Recommended AI news: GE Healthcare highlights AI-enabled portfolio and digital solutions at HIMSS 2024
Cerebras leverages the latest cutting-edge ML technology and world-class AI expertise to accelerate AI inference in conjunction with Qualcomm Technologies’ AI 100 Ultra. Some of the advanced techniques used are:
- unstructured sparsity: Cerebras and Qualcomm Technologies’ solutions can perform training and inference using unstructured dynamic sparsity, a hardware-accelerated AI technique that dramatically improves performance efficiency. For example, an Llama 13B model trained on Cerebras hardware with 85% sparsity trains 3-4x faster, and generates tokens at 2-3x higher throughput using AI 100 Ultra inference.
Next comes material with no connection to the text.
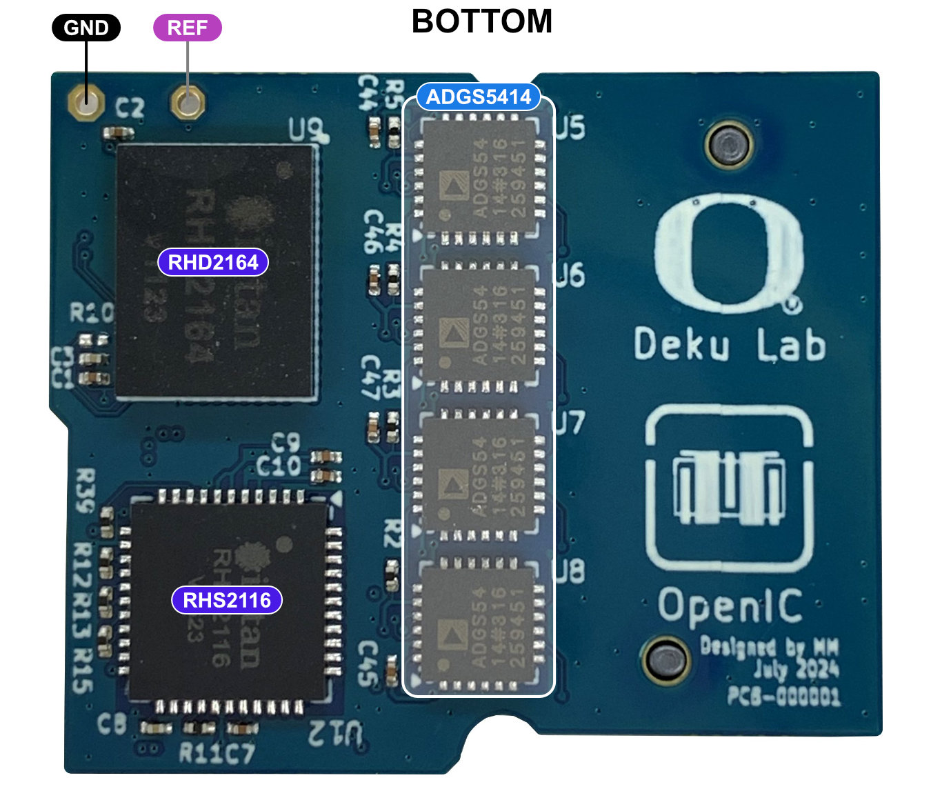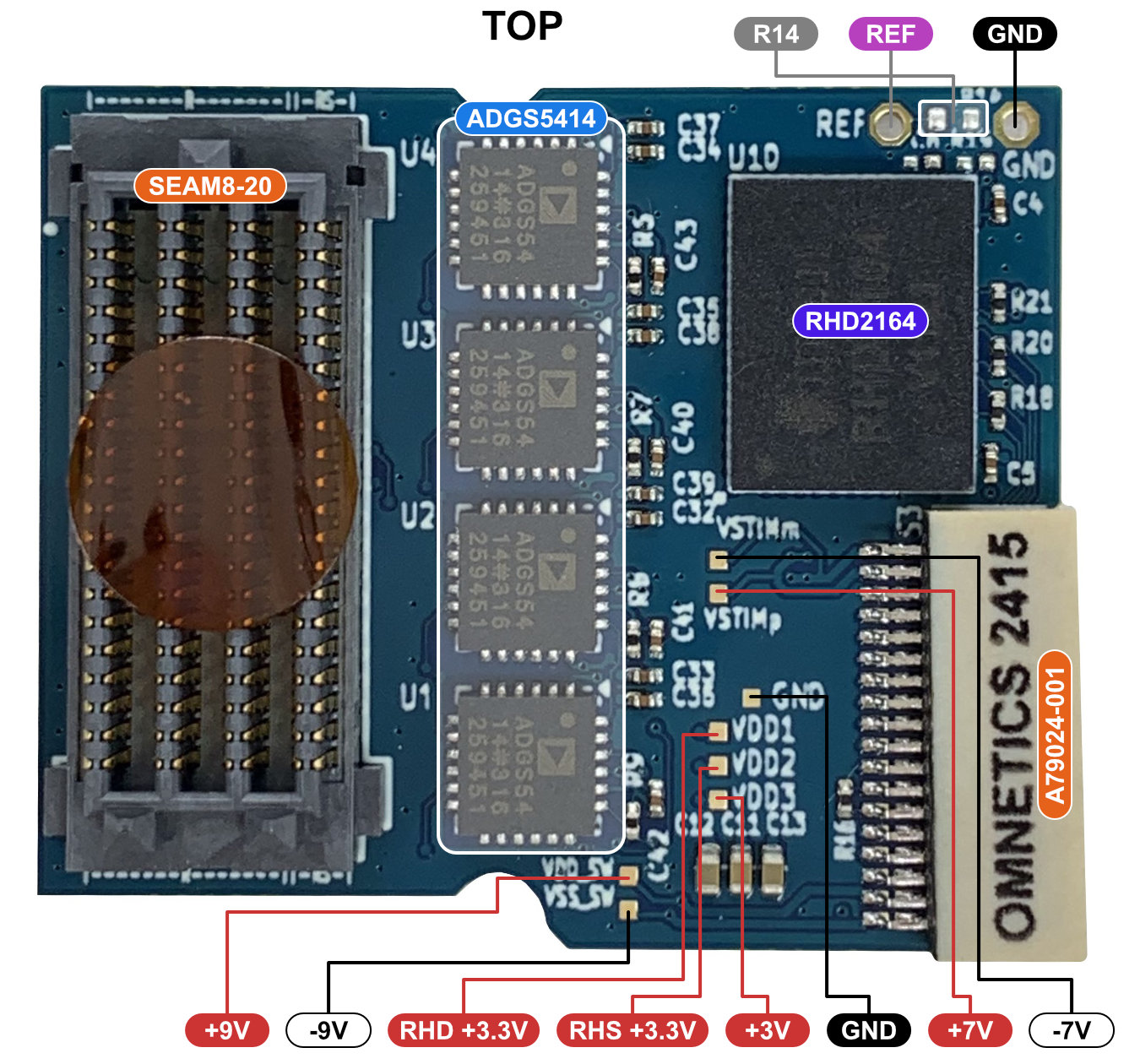 REFandGNDpads using platinum wires soldered into the through-holes on the headstage. - Keep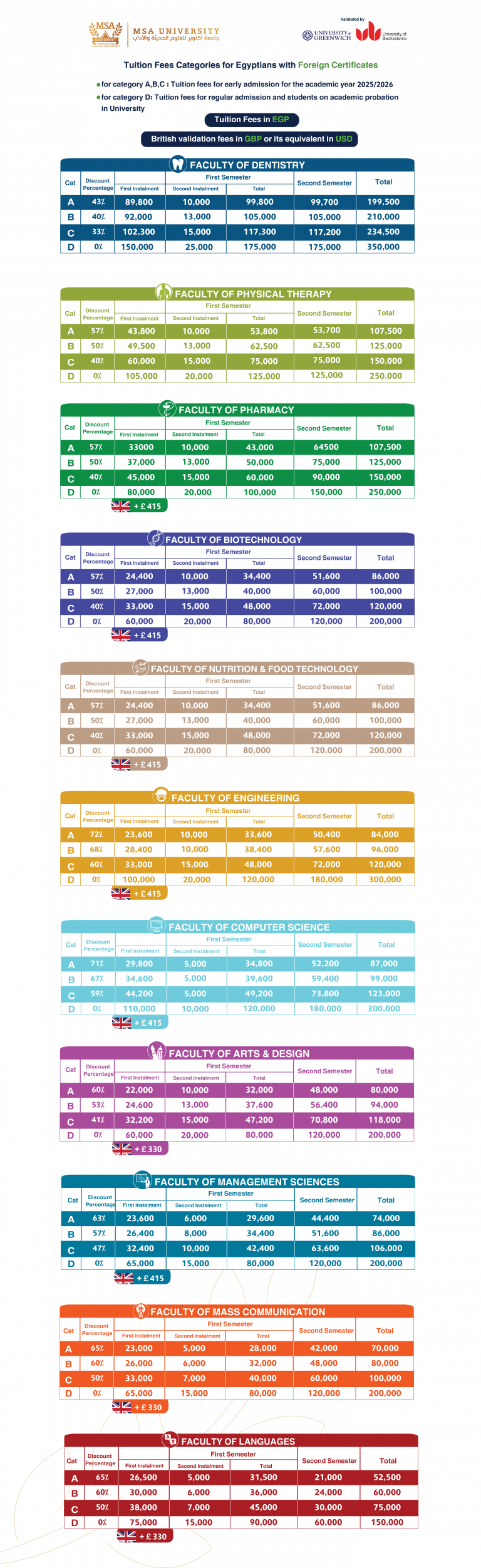 - فئات المصروفات الدراسية سارية حتى سنة التخرج لجميع الطلاب المتقدمين الجدد والمحولين من الجامعات الأخرى الحكومية أو الخاصة

- Speculative decoding: This advanced AI technology combines the high throughput of small-scale LLMs with the accuracy of large-scale LLMs. The Cerebras software platform can automatically train and generate both models, which are seamlessly ingested via the Qualcomm® AI Stack, a product of Qualcomm Technologies. The resulting model can output tokens at up to twice the throughput with uncompromised accuracy.
- Efficient MX6 inference: AI 100 Ultra supports MX6, the industry standard micro-exponential format, for high-precision inference with half the memory footprint and twice the throughput of FP16.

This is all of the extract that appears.